Flickr says all Creative Commons photos are protected from deletion, not just past uploads

Flickr announced today that all Creative Commons images will remain protected on its site – including those uploaded in the past and those that will be added in the future. The news follows Flickr’s November 2018 announcement where it had stated it wouldn’t delete Creative Commons photos already on its service, after switching over to a new business model which put an end to the free terabyte of storage in favor of a new subscription-based service.
There had been concern prior to Flickr’s statement in November that the photography site’s revamped business model would see works deleted from Creative Commons, as a result of its implementation.
That would have been a huge loss to the wider photography community and the web as a whole.
Creative Commons is a significant resource, as it makes creators’ works freely available through a variety of copyright licenses that respect how the owner wants them shared and/or attributed. Flickr, before being acquired by new owners SmugMug, had been a longtime Creative Commons partner, offering millions of photos under the CC license types on its site.
Though Flickr’s November decision to not delete the CC archive was a good step forward, it didn’t necessarily protect all the CC-licensed photos that would be uploaded to its site in the future. Instead, the company said only those CC photos uploaded prior to November 1, 2018 would be grandfathered in, so to speak.

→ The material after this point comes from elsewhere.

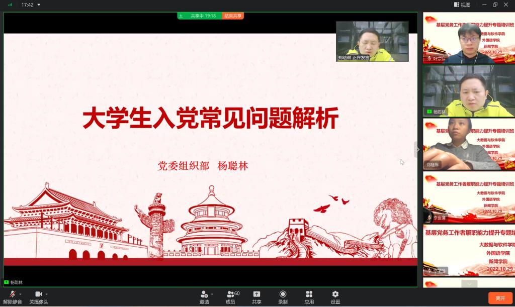 、大数据与软件学院和新闻学院采用线上会议的方式联合开展了“基层党务工作者履职能力提升专题培训班”第二讲。会议由大数据与软件学院党委组织员郑晗琳主持,来自大数据与软件学院、跳蛋视频
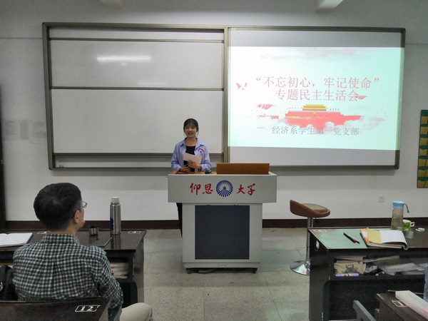 2019年11月5日,beat365官方网站经济系学生第一党支部于仰恩楼b1-203室开展“不忘初心,牢记使命”专题民主生活会活动。本次参会人员有经济系学生第一党支部副书记赖晓玲,组织委员仲平,宣传委员陈亚红,以及支部全体学生党员。

At the time, CEO at Creative Commons, Ryan Merkley, expressed some concern about this decision. It wasn’t clear where future CC-licensed photos would end up.
Today, both organizations announce they’ve come to an agreement: all CC-licensed photos and public domain works will continue to be free on Flickr for anyone to upload and share. That’s a step further than simply protecting all the past uploads before the business model transition.
It means that Flickr has committed to continue to steward the Commons, as before.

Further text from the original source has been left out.